A student asked whether offloading to CPU or SSD is only appropriate for special workloads, since SSD access is slow. Fu answered by explicitly connecting inference to classic operating systems problems. The GPU-specific version, he said, resembles memory-management diagrams from the 1970s or 1980s: when too many applications exceed CPU memory, the system pages to disk. The inference version pages KV cache across GPU, CPU, and disk.

Least-recently-used eviction is a reasonable heuristic, though Fu described the best possible policy as predicting the future. In some cases, that may be possible. If a user opens an old conversation in a chat interface, that is a strong signal they may ask about it, so the system could prefetch the associated cache. In the absence of future knowledge, the provider uses heuristics, subject to service-level objectives. Fu added that he has never spoken to anyone who wants to put less traffic onto their GPUs; the question is how much traffic can be served within the required latency and quality constraints.

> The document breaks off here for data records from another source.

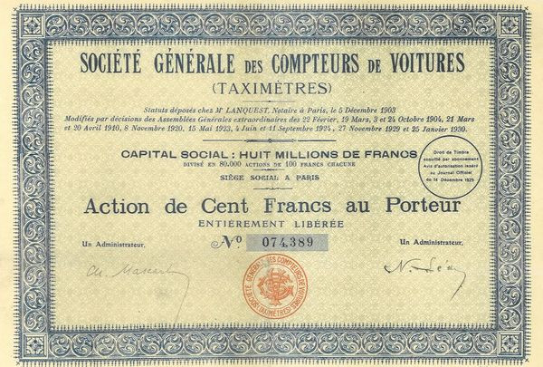 Sté Gale des Compteurs de Voitures (Taximètres)
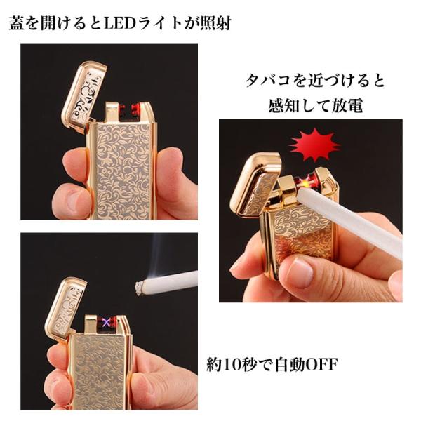 USBライター 充電式 センサークロス SGアラベスク オイル ガス 不要 自動消火 エコ ハイテク おしゃれ ギフト かっこいい メンズ
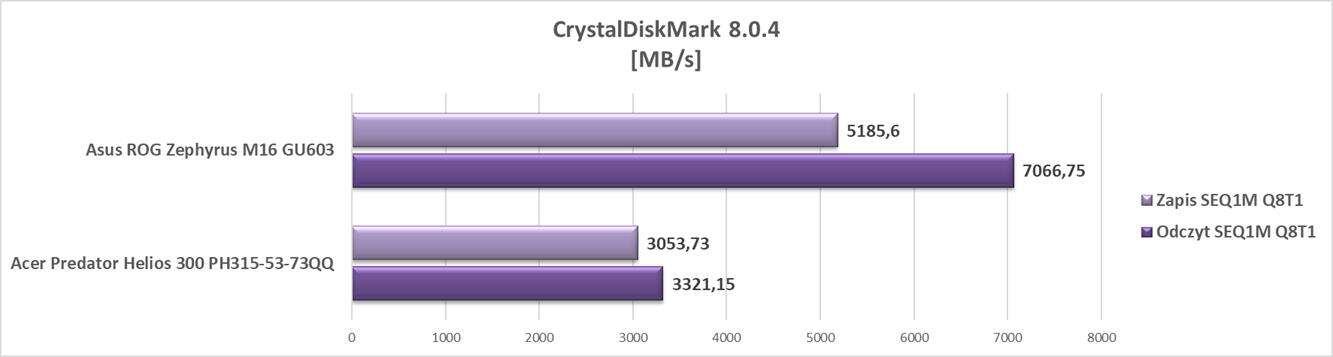 Wyniki są słabsze od konkurencyjnego laptopa, ale są odpowiednie jak na wykorzystaną konfigurację. Słabszy procesor jednak odstaje od mocniejszego wyższej generacji. Możecie więc liczyć na dobre wyniki w różnych zastosowaniach, choć nie będą one wyjątkowo wysokie. Dysk PCI-E Gen3 prezentuje dobrą wydajność. Także karta graficzna całkiem nieźle wypada w testach. Samo WiFi działa bez zarzutów – uzyskiwane prędkości pozwalają na wyciągnięcie 100% z mojego łącza.
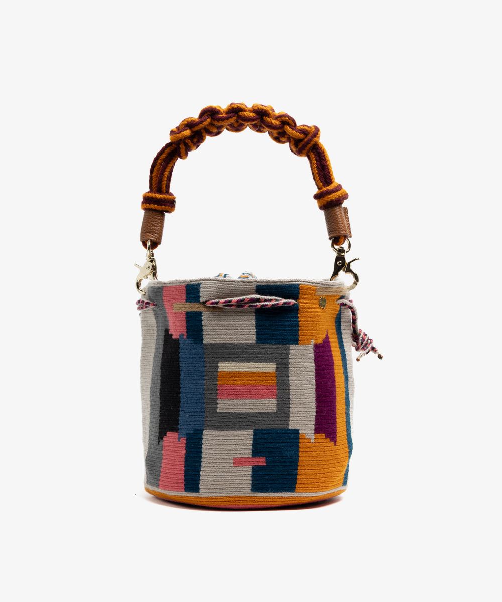 DISEÑADO EN MADRID - 100% HECHO A MANO POR ARTESANAS EN COLOMBIA. GUANÁBANA CREE EN LAS PEQUEÑAS DIFERENCIAS: LOS TAMAÑOS Y DISEÑOS PUEDEN TENER LIGERAS VARIACIONES CON EL MODELO DE LA FOTO. LAVADO A MÁQUINA EN AGUA FRÍA. Material: 100% acrílico Dimensión aproximada: Altura: 20 cm Diámetro: 20 cm Asa: 115cm
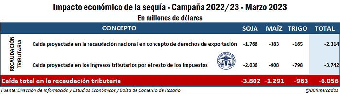 Sumando ambos conceptos, la masa tributaria ha perdido a la fecha US$ 6.056 millones como consecuencia del impacto de la sequía sobre los cultivos de trigo, soja y maíz.
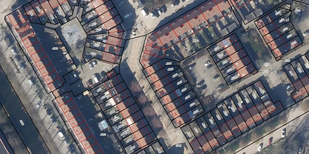 Het perceel waarop Groef 101 staat heeft een oppervlakte van 106 m². Dit is een middelgroot perceel. De perceeloppervlakte wordt geregistreerd door het Kadaster. Gedetailleerde informatie over de maten van dit perceel kunt u vinden in het rapport Kadastrale kaart met maatvoering van Groef 101.
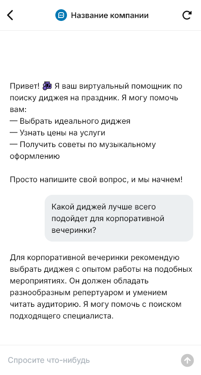 Диджея на праздник заказывают быстрее, когда бот помогает выбрать пакет и собрать требования площадки

Prefill and decode are different enough to be split across machines

Because prefill and decode have different bottlenecks, Fu said, production systems increasingly split them onto different GPUs or machines. Prefill is FLOP-heavy and can maximize compute utilization. Decode is memory-bandwidth-heavy and repeated once per generated token. A prompt is prefilling once; a long response may require hundreds or thousands of decode steps.

That split enables different parallelism strategies. Very large models may be divided with tensor parallelism, where each GPU holds a shard of every layer’s tensors and devices all-reduce activations. Mixture-of-experts models can use expert parallelism, where different GPUs own full experts and a learned router sends tokens to them. The choice affects bottlenecks, communication, the number of GPUs required, and the number of sessions that can be served simultaneously.

Fu connected this distinction to hardware strategy, explicitly as an inference-driven reading of where the hardware market may be going. Decode’s characteristics are different enough from prefill’s, he said, that specialized chips may be attractive for it. In Fu’s account, Nvidia’s purchase of Groq matters because decode differs so much from prefill that future systems could use GPUs for prefill and Groq LPU chips for decode. He also cited Cerebras, OpenAI’s compute partnership with Cerebras, and companies such as SambaNova as examples of bets across different parts of the inference space.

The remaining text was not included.